• Information supplied:
::::::

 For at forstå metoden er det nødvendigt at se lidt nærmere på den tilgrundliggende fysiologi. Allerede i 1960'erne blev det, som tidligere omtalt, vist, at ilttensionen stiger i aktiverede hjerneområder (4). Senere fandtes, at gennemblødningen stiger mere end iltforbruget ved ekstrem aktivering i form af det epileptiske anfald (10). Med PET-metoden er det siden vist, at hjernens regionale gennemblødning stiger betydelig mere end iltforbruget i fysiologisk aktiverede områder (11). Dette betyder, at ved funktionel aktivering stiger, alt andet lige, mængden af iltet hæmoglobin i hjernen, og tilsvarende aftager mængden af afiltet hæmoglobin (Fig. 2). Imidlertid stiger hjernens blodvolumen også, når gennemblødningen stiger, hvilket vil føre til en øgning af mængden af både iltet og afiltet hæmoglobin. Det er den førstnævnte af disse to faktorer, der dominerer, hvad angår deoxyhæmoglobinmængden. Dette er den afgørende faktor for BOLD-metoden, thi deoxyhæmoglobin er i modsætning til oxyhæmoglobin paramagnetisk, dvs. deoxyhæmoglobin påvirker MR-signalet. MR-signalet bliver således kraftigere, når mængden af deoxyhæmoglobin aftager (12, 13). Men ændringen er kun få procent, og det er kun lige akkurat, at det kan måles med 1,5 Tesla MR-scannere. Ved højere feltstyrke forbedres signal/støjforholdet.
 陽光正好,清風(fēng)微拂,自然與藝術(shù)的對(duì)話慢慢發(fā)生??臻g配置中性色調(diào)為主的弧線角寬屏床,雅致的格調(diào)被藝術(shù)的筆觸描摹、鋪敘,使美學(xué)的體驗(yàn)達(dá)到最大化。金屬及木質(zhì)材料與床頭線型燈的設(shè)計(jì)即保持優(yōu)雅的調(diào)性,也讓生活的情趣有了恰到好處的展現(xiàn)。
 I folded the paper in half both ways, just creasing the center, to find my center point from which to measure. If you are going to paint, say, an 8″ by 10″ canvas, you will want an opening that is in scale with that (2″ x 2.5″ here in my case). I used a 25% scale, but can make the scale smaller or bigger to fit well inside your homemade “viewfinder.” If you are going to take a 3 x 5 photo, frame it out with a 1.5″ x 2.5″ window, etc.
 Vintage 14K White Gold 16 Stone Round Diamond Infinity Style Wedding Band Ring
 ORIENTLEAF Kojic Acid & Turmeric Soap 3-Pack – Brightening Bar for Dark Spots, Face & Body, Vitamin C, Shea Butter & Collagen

::::::

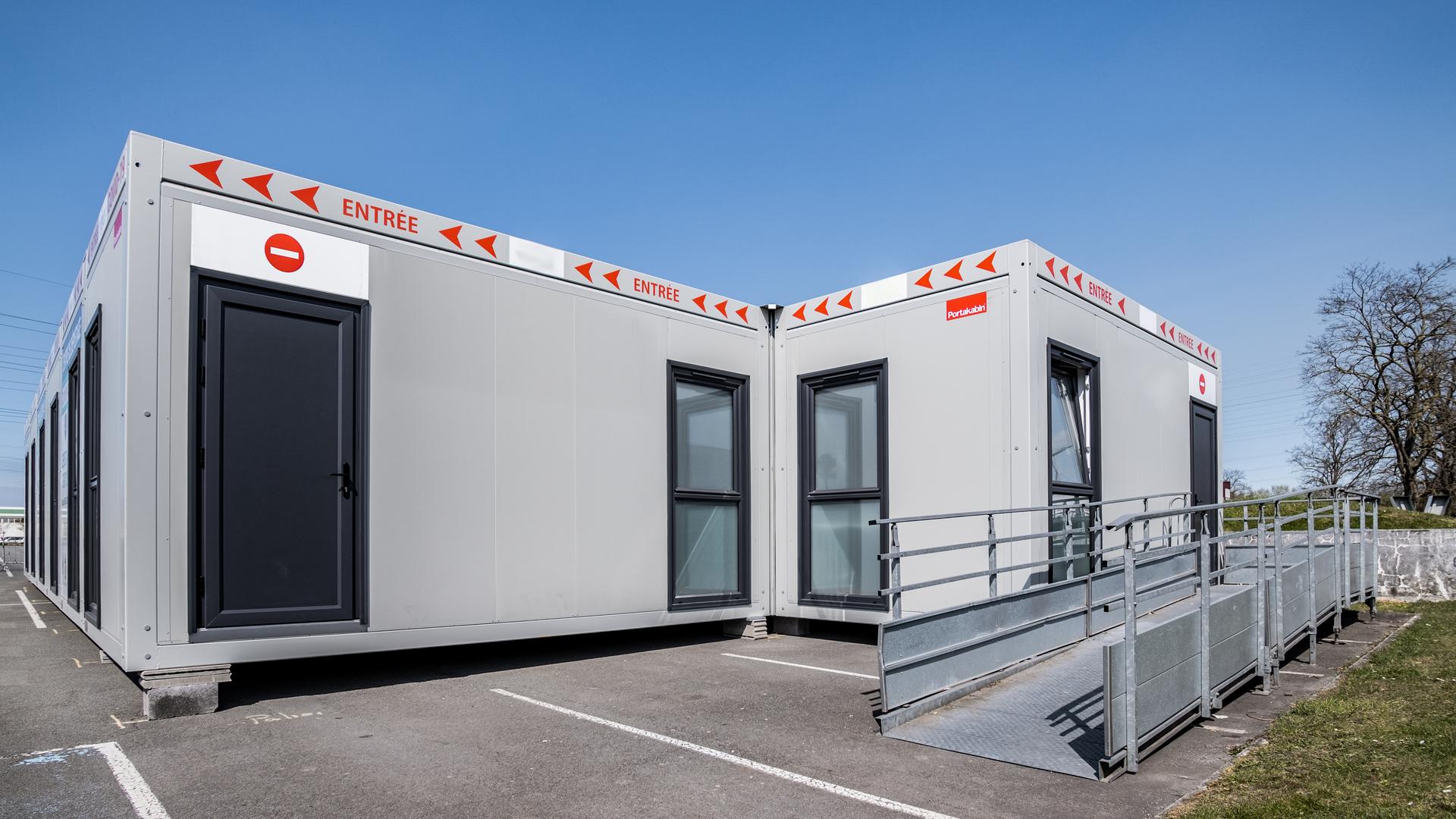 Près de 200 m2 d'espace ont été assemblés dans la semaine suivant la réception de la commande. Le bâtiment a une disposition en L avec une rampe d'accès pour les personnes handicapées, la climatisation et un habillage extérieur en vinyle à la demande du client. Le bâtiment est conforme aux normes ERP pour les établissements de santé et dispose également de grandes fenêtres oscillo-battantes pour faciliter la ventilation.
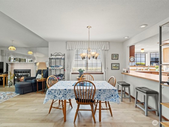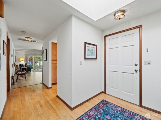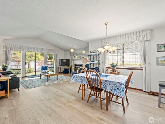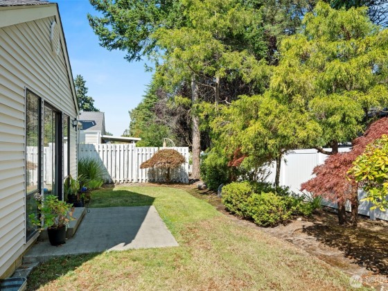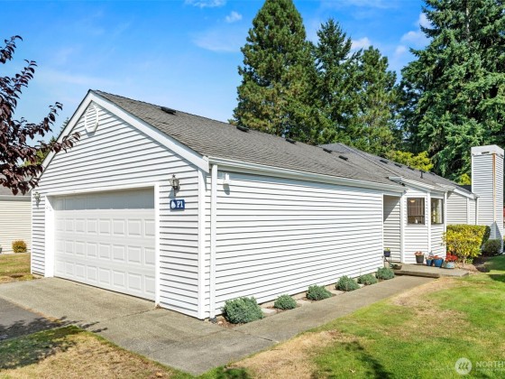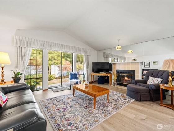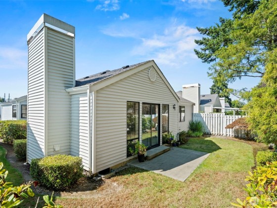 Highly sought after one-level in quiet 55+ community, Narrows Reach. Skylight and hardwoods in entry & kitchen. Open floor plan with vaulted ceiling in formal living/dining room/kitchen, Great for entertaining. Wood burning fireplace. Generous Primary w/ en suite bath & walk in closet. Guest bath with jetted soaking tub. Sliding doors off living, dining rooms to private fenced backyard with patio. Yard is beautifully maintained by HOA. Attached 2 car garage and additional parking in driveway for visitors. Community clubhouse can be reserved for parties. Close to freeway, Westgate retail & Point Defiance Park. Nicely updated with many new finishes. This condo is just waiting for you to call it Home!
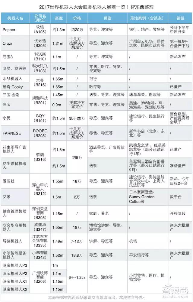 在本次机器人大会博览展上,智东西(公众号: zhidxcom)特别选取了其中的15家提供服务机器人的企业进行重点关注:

::::::

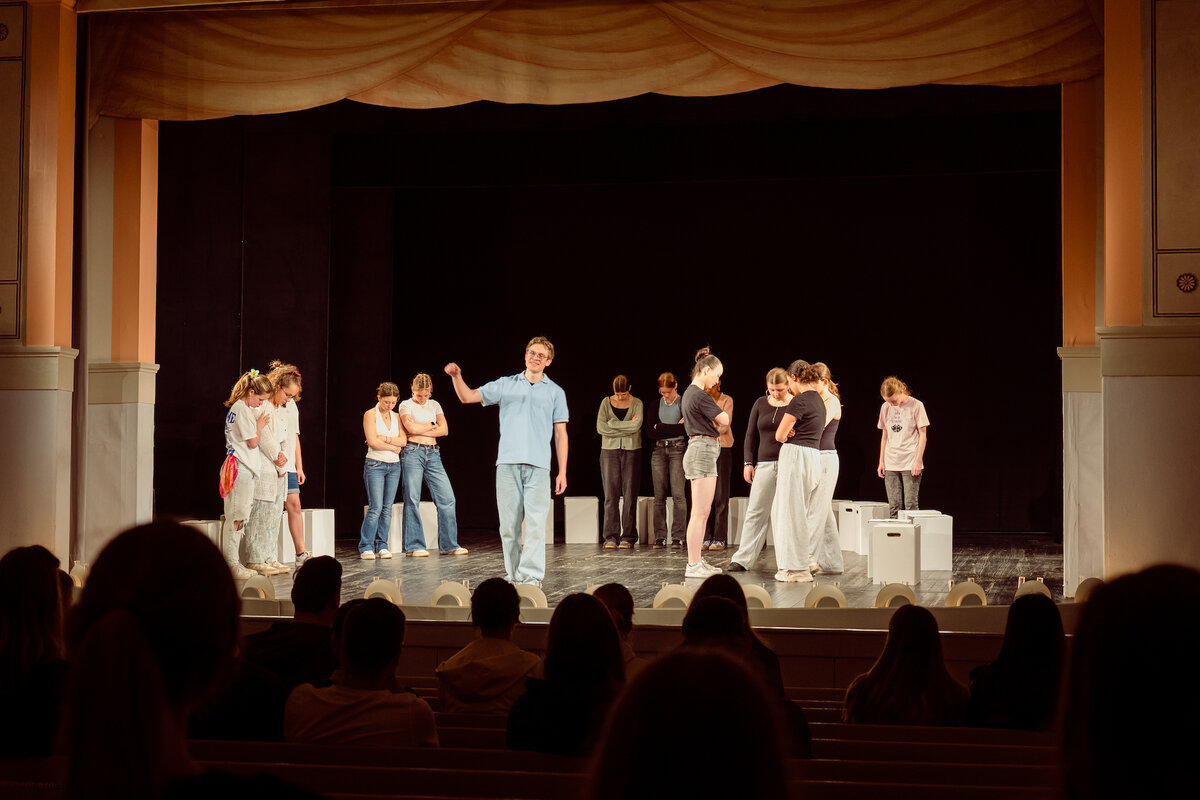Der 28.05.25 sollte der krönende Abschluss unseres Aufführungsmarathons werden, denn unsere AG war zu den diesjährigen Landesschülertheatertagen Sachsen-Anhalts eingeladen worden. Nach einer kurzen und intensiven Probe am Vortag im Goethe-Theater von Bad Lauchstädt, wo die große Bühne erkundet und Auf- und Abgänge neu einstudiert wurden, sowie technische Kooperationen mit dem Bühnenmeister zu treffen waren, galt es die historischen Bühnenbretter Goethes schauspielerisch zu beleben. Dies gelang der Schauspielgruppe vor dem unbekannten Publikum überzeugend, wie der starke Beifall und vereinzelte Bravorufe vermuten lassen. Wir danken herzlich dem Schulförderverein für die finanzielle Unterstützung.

::::::

• Work order: From the records above, copy only the lines starting with the line that holds "Vintage 14K White" and going on through the line that holds "ORIENTLEAF Kojic Acid", exactly as written.

• Answer for this exercise:
 Vintage 14K White Gold 16 Stone Round Diamond Infinity Style Wedding Band Ring
 ORIENTLEAF Kojic Acid & Turmeric Soap 3-Pack – Brightening Bar for Dark Spots, Face & Body, Vitamin C, Shea Butter & Collagen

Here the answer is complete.